I then started a discussion with this child that was running around the room with a pent-up energy that he was trying to dispel. I asked him, “What is the longest train you have ever seen? How many cars does it have? How many of them were carrying cars? When is the last time you saw a train? Was it a freight train or passenger train?”  As a result, he sat quietly next to me and began talking. So, I kept going. I asked him, “How wide is the track? Have you measured it? How many wheels on each car? What is the most common color you see in those cars? What is the average speed of a passenger?'

I kept asking questions and making him think, and as a result, he was quiet, focused and engaged. His mother couldn’t believe it. I then suggested that she buy some magazines and books on trains, and that she take him somewhere where he could study trains in more detail.
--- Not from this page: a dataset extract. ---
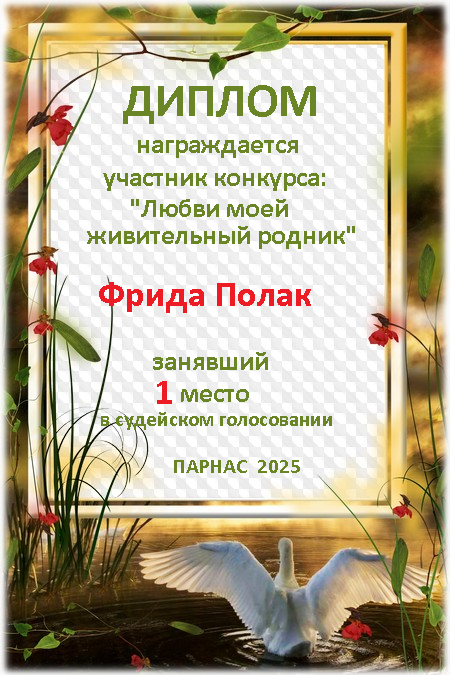 Уважаемая Фрида, поздравляем Вас с заслуженной победой!Счастья, любви и вдохновения!!!
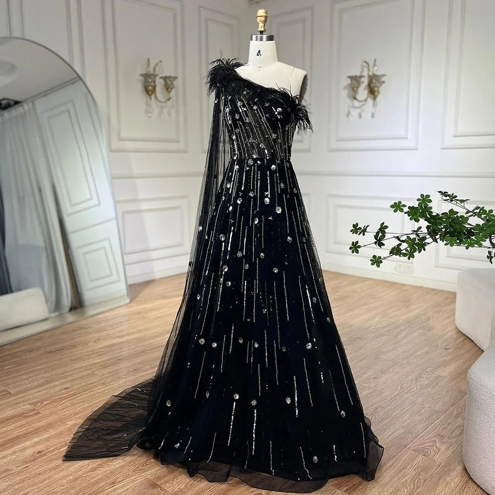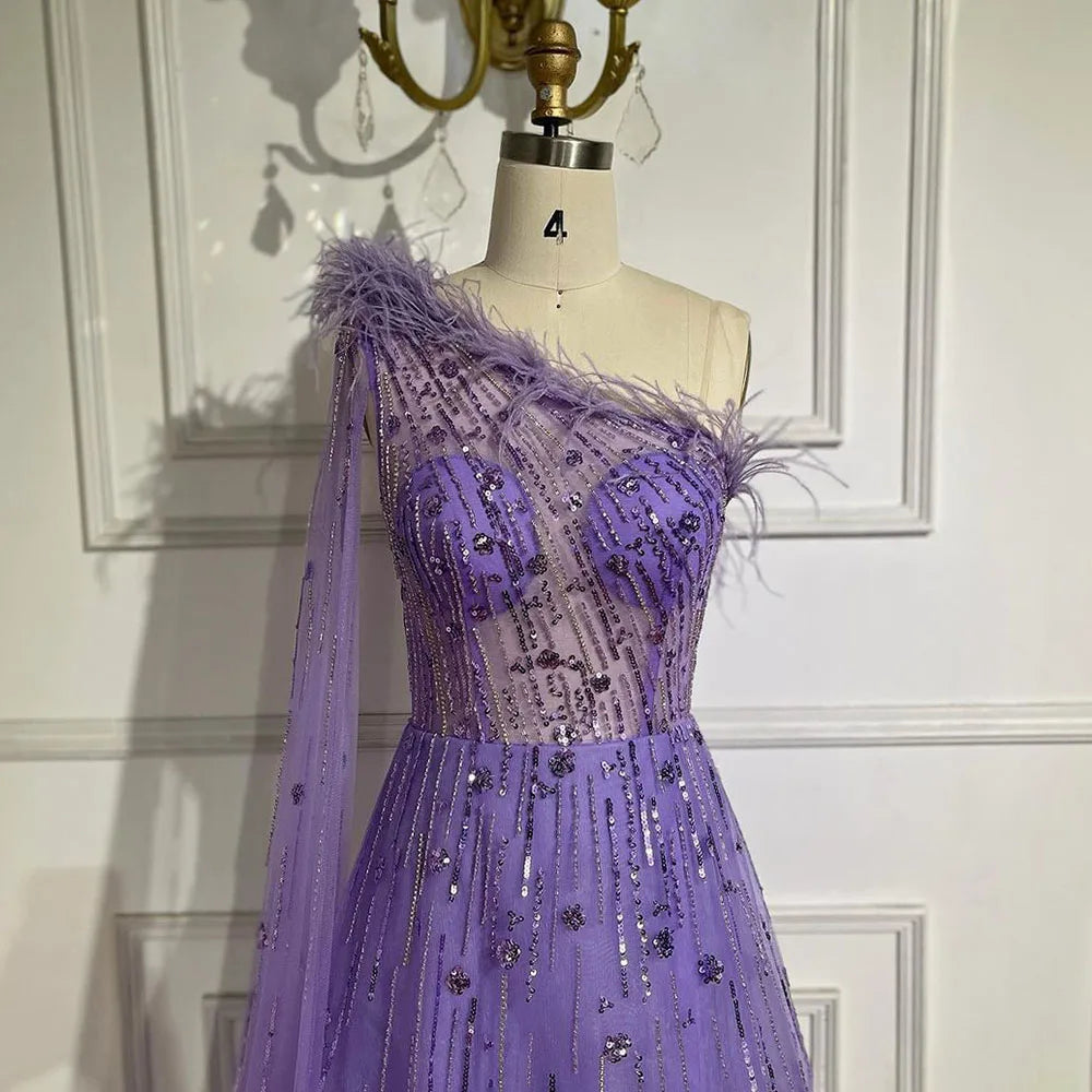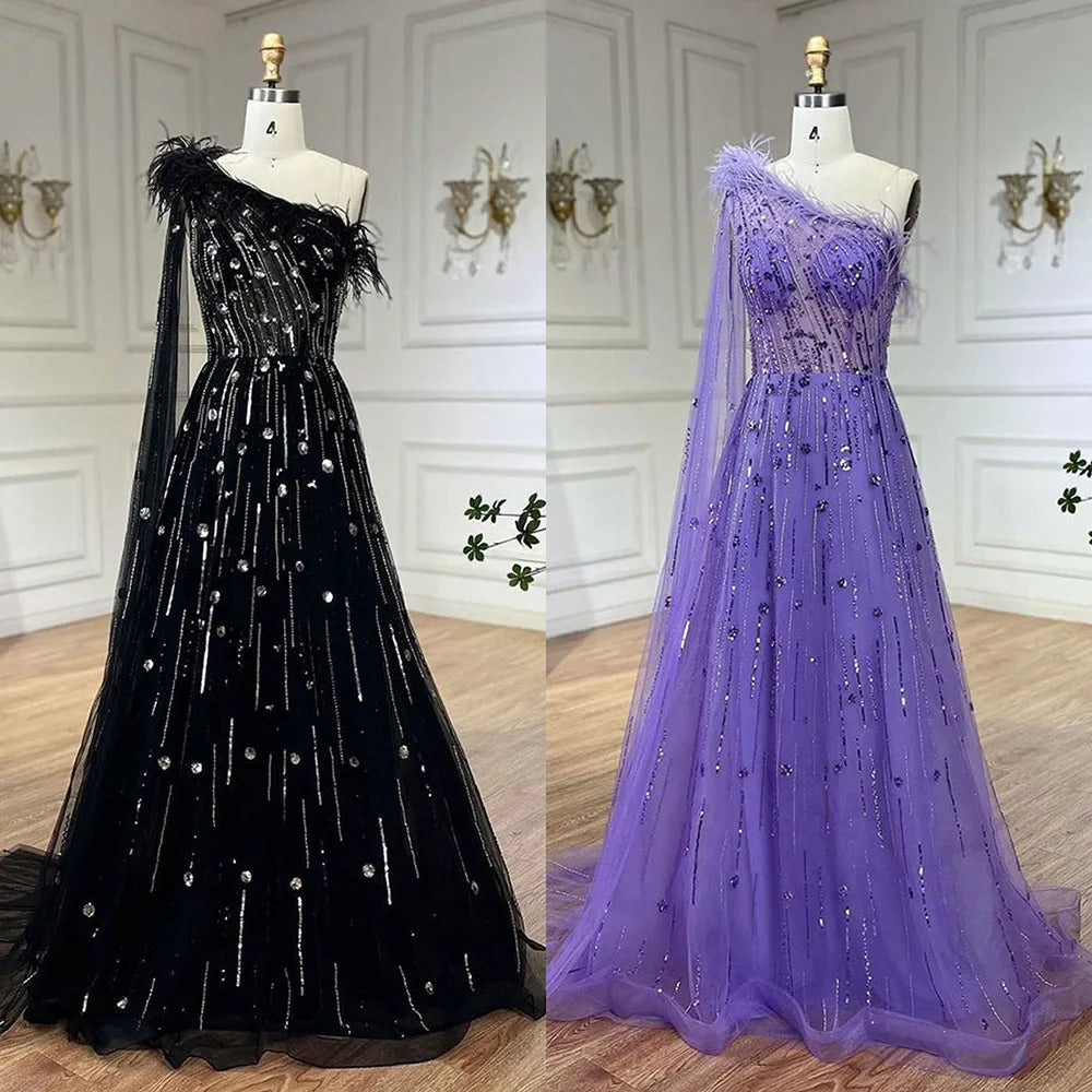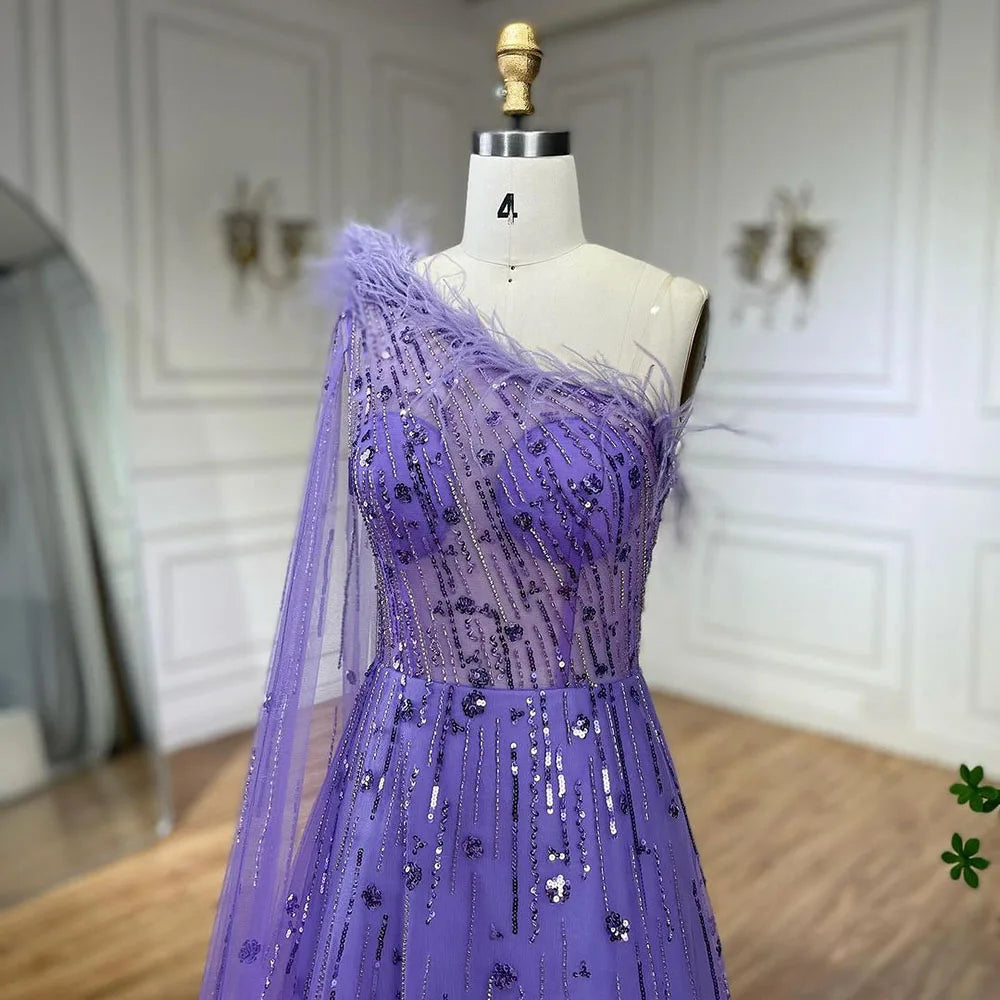 Lilac A Line One Shoulder Cape Sleeves Feathers Beaded Luxury Evening Dresses Gowns for Women Wedding Party LA72503A

As I explained to her at the time, her child, who she thought had ADHD, also had a highly concentrated attention surplus order. As a result, he showed incredible order in that area, and attention deficit to everything else unrelated to the topic. But if she started linking things to that topic, it would expand, and she could then make connections. For example, she could ask, “What is the length of a passenger train? How many people are on the train if there are six people per car? What is the average train ride if you ride on a passenger ticket? What fuel does it use? Let’s go find out!”

As long as she kept weaving things back to trains, he was likely to stay in his executive center, remain engaged and focused, and be less likely to display hyperactive and impulsive behavior.

The action steps I tend to recommend to parents or teachers when it comes to kids they are labelling ADHD is this:

  1. Find out what a child’s hierarchy of values are.
  2. Let them concentrate on it and excel at it.
  3. Keep adding links from the things they don’t value to what they do value most.
  4. Keep linking other things that you may want them to learn by asking lots of questions.
  5. Find out how their values SERVE YOU or otherwise you may want to ‘fix’ them.

When you allow your child to live in their highest values, you can watch as their patience grows. If not, shorten the time down to get the expectations down into reasonable timeframes. As they become more engaged, these timeframes are likely to expand.

When dealing with a child labelled ADHD, it would also be wise to:

  • Keep asking more questions about the topic that they are inspired by until they gain confidence in themselves. When they do, they are more likely to want to tackle challenges that inspire them and prepare themselves to wake up their natural inborn leader capacities.
  • Be organized, give them a routine, and give them the ability to focus on what is inspiring to them.

CONCLUSION

In conclusion, when it comes to ADHD, these “disorders” or “conditions” are often nothing more than a feedback mechanism to help children be authentic and go out and pursue what is truly and deeply meaningful to them. It can be challenging living in a society that wants you to fit in instead of stand out. Give children who are being labelled ADHD an opportunity to be themselves and let them go and excel in what they love doing. If not, their amygdala will drive you wild.

The second you put a label like ADHD on a child, place them on medication and ignore what’s truly important to them, you may have just missed out on a genius that is capable of doing something truly extraordinary.